> **Excerpted records**

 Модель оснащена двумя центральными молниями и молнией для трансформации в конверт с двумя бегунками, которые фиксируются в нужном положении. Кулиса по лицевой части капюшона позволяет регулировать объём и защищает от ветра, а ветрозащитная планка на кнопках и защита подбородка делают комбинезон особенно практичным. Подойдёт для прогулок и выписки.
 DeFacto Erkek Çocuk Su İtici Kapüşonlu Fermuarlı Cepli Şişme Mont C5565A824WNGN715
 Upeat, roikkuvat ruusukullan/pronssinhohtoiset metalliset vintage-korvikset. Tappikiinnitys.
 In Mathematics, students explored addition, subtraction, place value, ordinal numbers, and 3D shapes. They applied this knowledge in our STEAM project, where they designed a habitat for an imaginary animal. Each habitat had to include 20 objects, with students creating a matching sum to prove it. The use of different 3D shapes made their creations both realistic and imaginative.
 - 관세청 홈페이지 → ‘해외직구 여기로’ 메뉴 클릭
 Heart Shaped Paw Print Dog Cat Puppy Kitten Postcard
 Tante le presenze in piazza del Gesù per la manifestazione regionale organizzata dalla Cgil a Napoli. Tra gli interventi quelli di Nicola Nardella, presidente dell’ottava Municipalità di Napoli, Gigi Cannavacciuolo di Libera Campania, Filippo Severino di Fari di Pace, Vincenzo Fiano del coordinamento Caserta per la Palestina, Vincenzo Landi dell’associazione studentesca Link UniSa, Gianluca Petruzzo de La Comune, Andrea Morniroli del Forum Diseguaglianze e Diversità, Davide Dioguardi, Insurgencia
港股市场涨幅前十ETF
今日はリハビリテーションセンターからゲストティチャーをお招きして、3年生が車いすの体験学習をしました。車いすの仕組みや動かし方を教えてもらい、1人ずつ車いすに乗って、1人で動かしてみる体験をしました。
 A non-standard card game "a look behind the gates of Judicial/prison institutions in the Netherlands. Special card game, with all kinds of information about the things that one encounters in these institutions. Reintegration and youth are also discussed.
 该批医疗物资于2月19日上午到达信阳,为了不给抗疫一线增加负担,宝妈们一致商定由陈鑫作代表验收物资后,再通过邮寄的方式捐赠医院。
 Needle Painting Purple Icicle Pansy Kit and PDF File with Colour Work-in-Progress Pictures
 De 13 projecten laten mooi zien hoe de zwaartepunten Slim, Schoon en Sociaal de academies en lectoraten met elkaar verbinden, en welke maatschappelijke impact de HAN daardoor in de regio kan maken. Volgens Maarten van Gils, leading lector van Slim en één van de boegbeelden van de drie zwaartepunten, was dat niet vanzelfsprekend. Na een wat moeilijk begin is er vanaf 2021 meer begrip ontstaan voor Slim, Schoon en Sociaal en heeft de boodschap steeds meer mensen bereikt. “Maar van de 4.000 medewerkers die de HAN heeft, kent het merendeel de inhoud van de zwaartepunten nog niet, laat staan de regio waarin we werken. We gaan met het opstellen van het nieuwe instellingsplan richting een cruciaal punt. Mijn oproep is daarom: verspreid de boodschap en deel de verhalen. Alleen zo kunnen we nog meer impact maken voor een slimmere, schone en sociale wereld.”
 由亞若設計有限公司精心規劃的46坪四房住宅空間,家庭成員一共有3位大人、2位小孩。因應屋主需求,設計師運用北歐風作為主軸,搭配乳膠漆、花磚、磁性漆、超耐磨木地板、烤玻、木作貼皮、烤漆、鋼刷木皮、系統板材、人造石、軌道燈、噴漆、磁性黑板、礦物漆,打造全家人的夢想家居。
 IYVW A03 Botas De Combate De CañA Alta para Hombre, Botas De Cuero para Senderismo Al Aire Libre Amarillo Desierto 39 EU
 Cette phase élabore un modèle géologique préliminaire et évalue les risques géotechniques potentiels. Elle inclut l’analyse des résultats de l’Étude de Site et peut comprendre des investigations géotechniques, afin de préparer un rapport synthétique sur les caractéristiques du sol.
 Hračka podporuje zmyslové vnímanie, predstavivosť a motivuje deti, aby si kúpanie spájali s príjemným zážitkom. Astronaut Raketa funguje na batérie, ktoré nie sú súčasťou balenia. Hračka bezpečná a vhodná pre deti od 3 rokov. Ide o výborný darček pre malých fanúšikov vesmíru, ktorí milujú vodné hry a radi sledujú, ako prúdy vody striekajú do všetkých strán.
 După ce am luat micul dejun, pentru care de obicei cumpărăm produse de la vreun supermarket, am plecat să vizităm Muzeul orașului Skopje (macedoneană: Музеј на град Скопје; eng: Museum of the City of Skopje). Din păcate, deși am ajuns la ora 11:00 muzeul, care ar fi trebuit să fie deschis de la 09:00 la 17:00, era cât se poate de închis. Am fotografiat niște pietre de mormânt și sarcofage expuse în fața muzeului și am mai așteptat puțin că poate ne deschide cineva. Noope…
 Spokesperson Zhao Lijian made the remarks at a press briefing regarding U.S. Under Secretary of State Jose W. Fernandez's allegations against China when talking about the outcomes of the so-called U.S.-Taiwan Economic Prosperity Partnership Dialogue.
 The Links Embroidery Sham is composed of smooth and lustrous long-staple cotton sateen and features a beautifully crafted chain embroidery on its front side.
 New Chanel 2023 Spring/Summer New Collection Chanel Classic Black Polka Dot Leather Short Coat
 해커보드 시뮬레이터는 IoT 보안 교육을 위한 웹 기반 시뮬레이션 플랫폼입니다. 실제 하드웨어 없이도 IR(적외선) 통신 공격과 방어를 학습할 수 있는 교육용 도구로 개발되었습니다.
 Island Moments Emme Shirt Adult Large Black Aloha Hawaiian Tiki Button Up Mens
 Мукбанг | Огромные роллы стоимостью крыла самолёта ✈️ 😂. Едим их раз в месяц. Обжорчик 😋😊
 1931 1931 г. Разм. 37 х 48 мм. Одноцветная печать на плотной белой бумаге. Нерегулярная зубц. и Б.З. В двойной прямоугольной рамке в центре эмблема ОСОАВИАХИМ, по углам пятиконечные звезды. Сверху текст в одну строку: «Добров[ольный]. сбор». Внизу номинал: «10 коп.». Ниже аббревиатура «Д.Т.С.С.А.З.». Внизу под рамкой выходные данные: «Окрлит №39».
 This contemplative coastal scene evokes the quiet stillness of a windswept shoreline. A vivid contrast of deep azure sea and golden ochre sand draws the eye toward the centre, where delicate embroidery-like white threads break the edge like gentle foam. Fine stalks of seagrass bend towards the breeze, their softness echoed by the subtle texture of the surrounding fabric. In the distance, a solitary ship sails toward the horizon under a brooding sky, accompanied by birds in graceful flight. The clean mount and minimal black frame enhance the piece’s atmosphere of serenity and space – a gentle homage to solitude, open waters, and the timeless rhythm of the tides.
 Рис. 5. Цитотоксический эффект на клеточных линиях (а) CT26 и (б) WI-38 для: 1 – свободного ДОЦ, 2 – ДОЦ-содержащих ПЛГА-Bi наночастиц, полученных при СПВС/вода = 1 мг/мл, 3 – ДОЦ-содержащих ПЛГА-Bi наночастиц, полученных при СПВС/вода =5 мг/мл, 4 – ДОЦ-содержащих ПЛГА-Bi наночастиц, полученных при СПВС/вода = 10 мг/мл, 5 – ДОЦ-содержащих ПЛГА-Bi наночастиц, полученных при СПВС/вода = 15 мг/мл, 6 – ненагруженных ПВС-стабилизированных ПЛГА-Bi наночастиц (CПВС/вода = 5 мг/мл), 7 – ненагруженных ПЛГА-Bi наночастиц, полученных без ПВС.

> **Exercise objective**
What do the lines above say from the one containing "Hračka podporuje zmyslové" down to the one containing "Spokesperson Zhao Lijian"? Return them exactly, both end lines included, and only them.

> **Solution**
 Hračka podporuje zmyslové vnímanie, predstavivosť a motivuje deti, aby si kúpanie spájali s príjemným zážitkom. Astronaut Raketa funguje na batérie, ktoré nie sú súčasťou balenia. Hračka bezpečná a vhodná pre deti od 3 rokov. Ide o výborný darček pre malých fanúšikov vesmíru, ktorí milujú vodné hry a radi sledujú, ako prúdy vody striekajú do všetkých strán.
 După ce am luat micul dejun, pentru care de obicei cumpărăm produse de la vreun supermarket, am plecat să vizităm Muzeul orașului Skopje (macedoneană: Музеј на град Скопје; eng: Museum of the City of Skopje). Din păcate, deși am ajuns la ora 11:00 muzeul, care ar fi trebuit să fie deschis de la 09:00 la 17:00, era cât se poate de închis. Am fotografiat niște pietre de mormânt și sarcofage expuse în fața muzeului și am mai așteptat puțin că poate ne deschide cineva. Noope…
 Spokesperson Zhao Lijian made the remarks at a press briefing regarding U.S. Under Secretary of State Jose W. Fernandez's allegations against China when talking about the outcomes of the so-called U.S.-Taiwan Economic Prosperity Partnership Dialogue.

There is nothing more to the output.